24 de agosto: Día de asueto. Lectura y relajación. Tumbona, playa y piscina. Cena en restaurante mejicano, con fondo musical de canciones en español -pero de cualquier sitio menos de Méjico.
25 de agosto: Madrugamos y nos ponemos en camino a Nicosia. Según llegamos, aparcamos cerca del paso del "Ladria Palace" y caminamos hasta el puesto fronterizo. Allí concertamos el alquiler de un coche baratito, que debemos recoger después en las oficinas de la compañía. Entonces nos damos cuenta de que nos hemos dejado el pasaporte en el hotel. Gran disgusto. Pero no paaasssaa naaadaa: Nos dejan pasar con el DNI. ¡Tanta frontera, tanto muro con alambradas, y a la hora de la verdad esto es un coladero!.
Caminamos hasta las oficinas del rent-a-car y pasamos por un barrio moderno, con edificios oficiales y mucho bronce triunfalista. El vehículo en cuestión resulta ser un Suzuki Jimny de cuando reinó Carolo, muy chulo pero harto incómodo de conducir. Inasequible al desaliento, Alfonso se pone al volante y en seguida domina a la bestia. Enfilamos la carretera de Kyrenia (Girne en turco), la principal población de la costa norte. A lo lejos divisamos las crestas de la "cordillera gótica", llamada así por el rosario de castillos, iglesias y otras costrucciones de tal estilo, dejadas allí por los caballeros francos durante la Edad Media.
Antes de llegar nos desvíamos a la izquierda por una carreterilla que asciende estre campos de tiro del ejército turco hasta el castillo de San Hilarión. De origen bizantino, fue ampliado y reforzado por los Lusiñán. Se conserva en buen estado y el emplazamiento es muy atractivo: encaramado en lo alto de la montaña y mirando al Mediterráneo, más azul que en un folleto turístico. Tras el intenso ejercicio aeróbico -subiendo y bajando escaleras de piedra-, seguimos viaje hasta Kyrenia. Allí nos instalamos en una terraza del puerto para tomarnos una cerveza (una Efes turca) y descansar un rato hasta la hora de la comida. Comemos en otra terraza y tardan un siglo en servirnos. Después de comer visitamos el castillo, mole de piedra dorada que domina el frente marítimo de la ciudad. Desde sus almenas se divisa la ensenada que forman los restos del antiguo puerto romano. En sus aguas verde esmeralda nadan unos chicos del pueblo.
Antes de volver al sur tenemos una visita obligada: Bellapaís. Fue aquí donde Lawrence Durrell compró una casa en 1953 y donde residió la mayor parte del tiempo que relata en su libro.
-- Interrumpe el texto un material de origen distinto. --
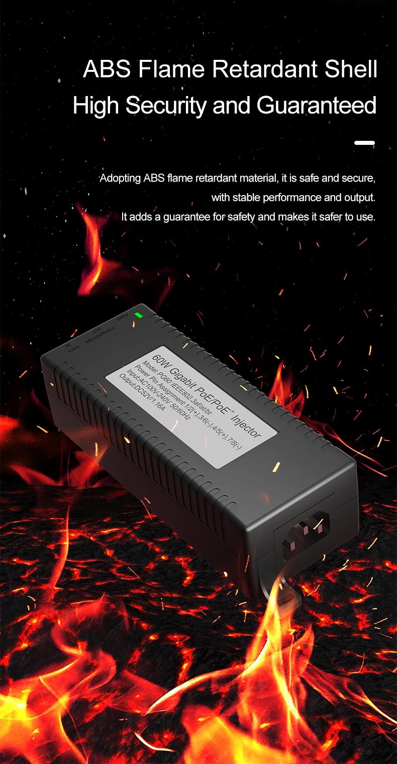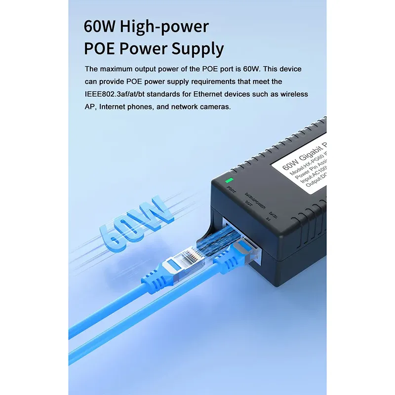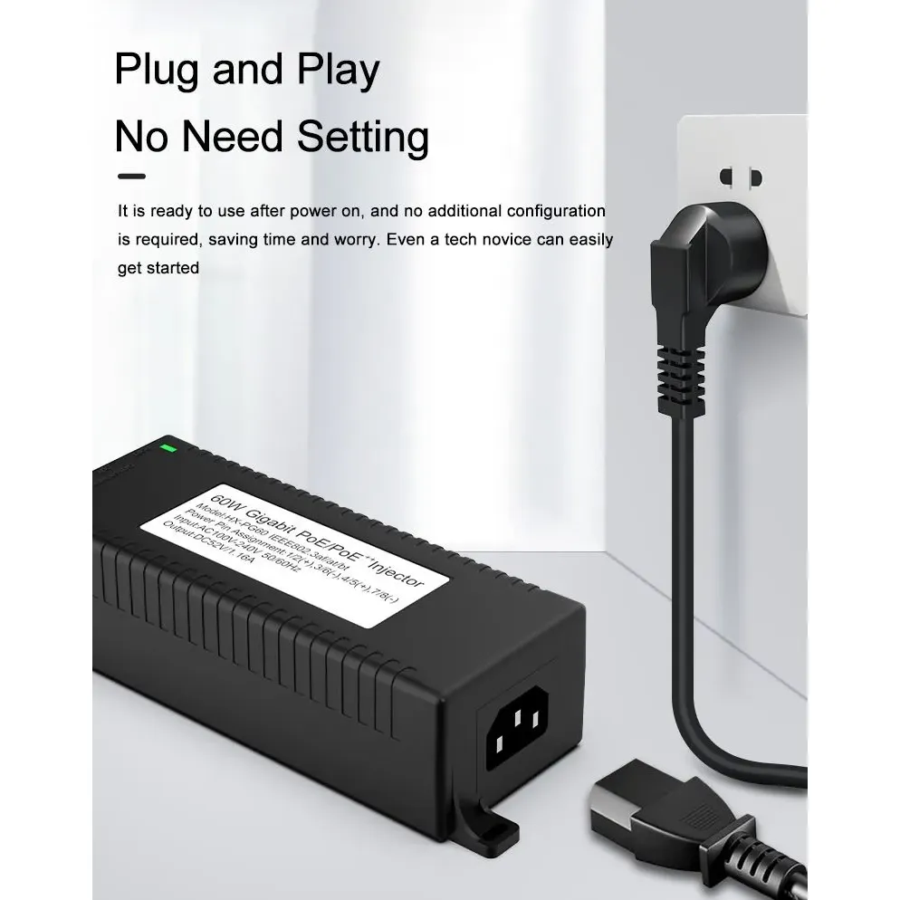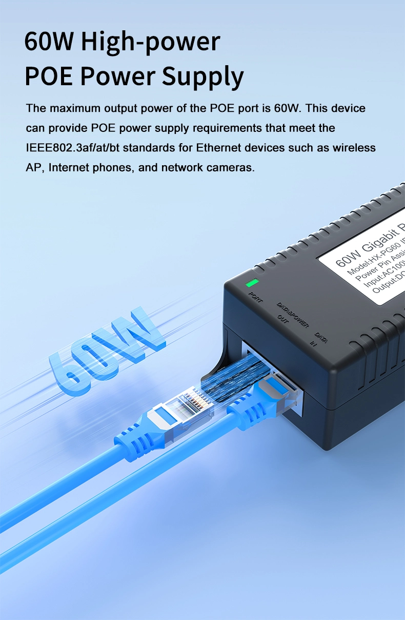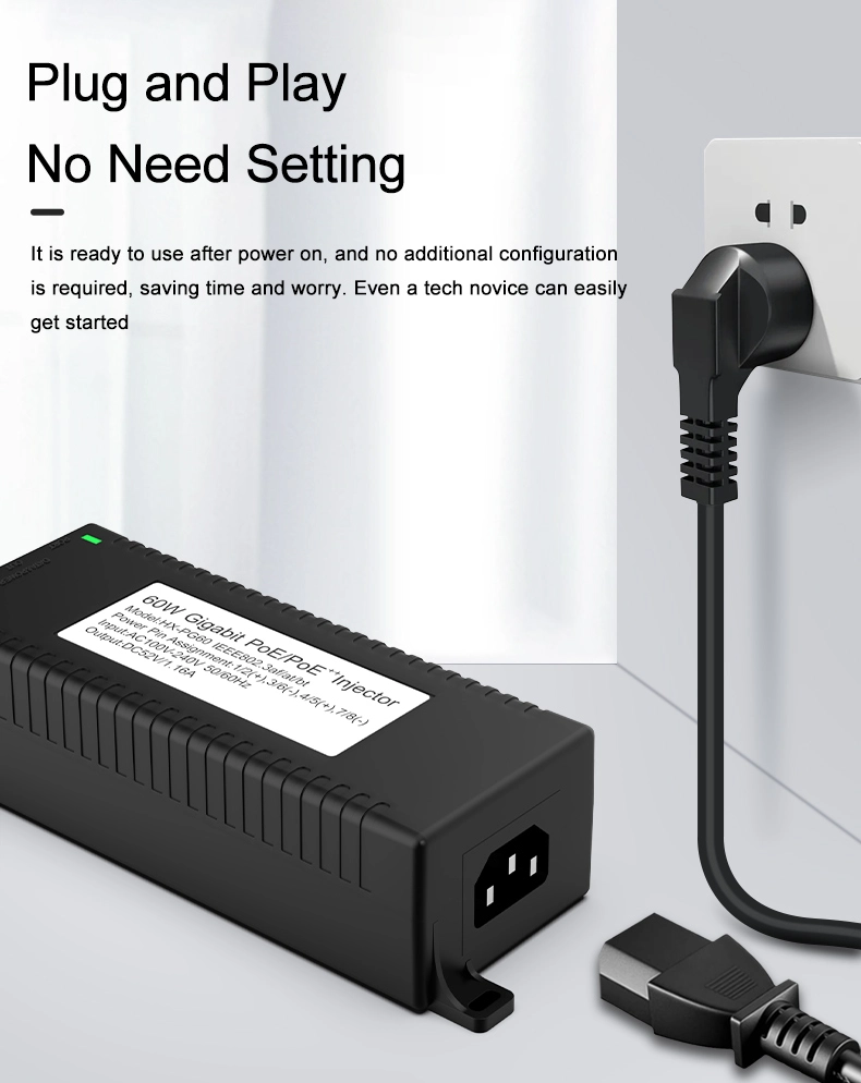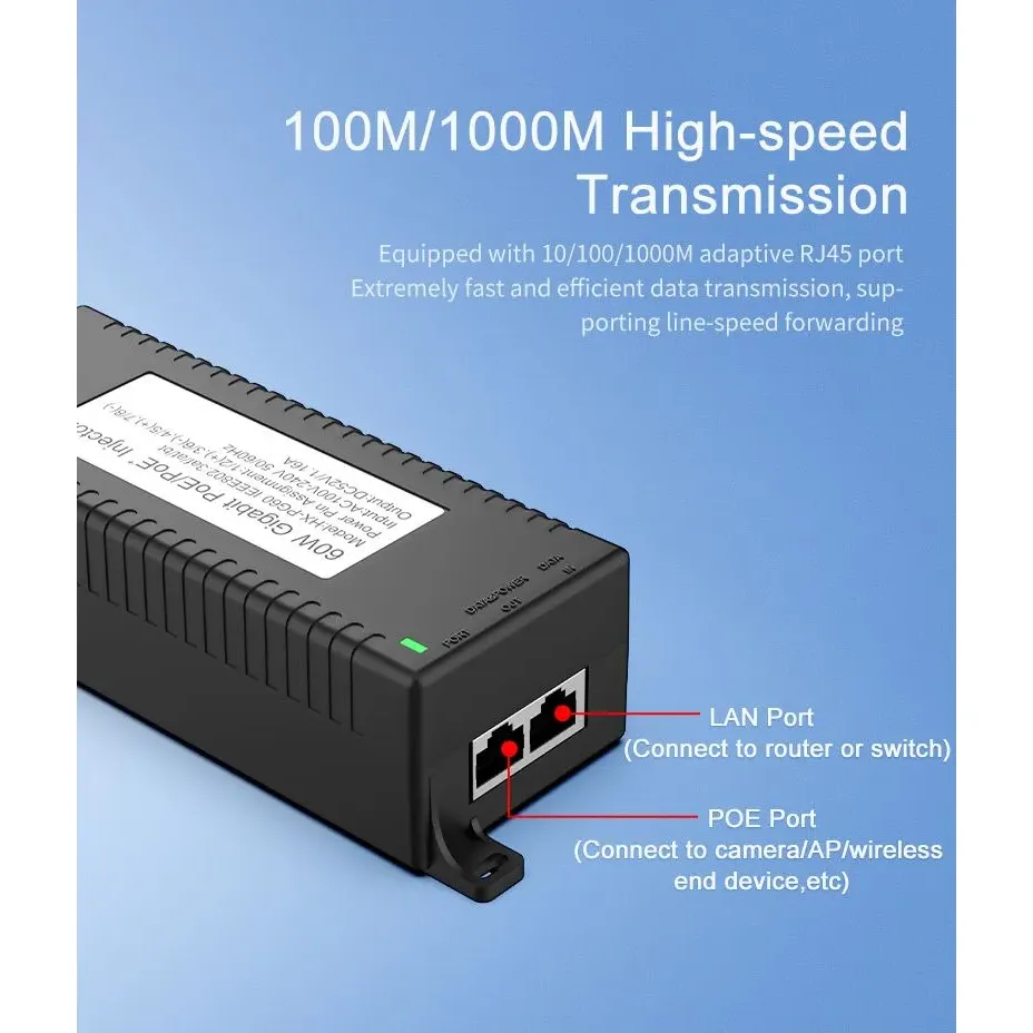 Turvavalve: gigabitine 60 W lauaarvuti POE injektor IP-kaamera turva- ja võrguseadme jaoks tagab IP-kaameratele ja PTZ-kaameratele stabiilse toite.

El pueblo recibe su nombre de la abadía gótica: Los monjes franceses que la fundaron la llamaron "de la Paix", y los venecianos lo cambiaron a "Bella País". Emplazada en las laderas de la cordillera y con una espléndida vista de toda la costa, la abadía en ruinas produce un efecto visual sorprendente, resultado una vez más de la mezcla de arquitectura occidental y entorno exótico. De todas formas, muchas cosas han cambiado desde que Durrell se fue: La aldea de campesinos griegos se ha transformado en un lugar turístico habitado por turcos, la famosa campiña de árboles frutales está ahora plagada de chalets de dudoso gusto y el Árbol de la Ociosidad –bajo cuyas ramas se reunían los paisanos a ver pasar el tiempo- es sólo un retoño insertado en la terraza de un restaurante. O témpora, o mores!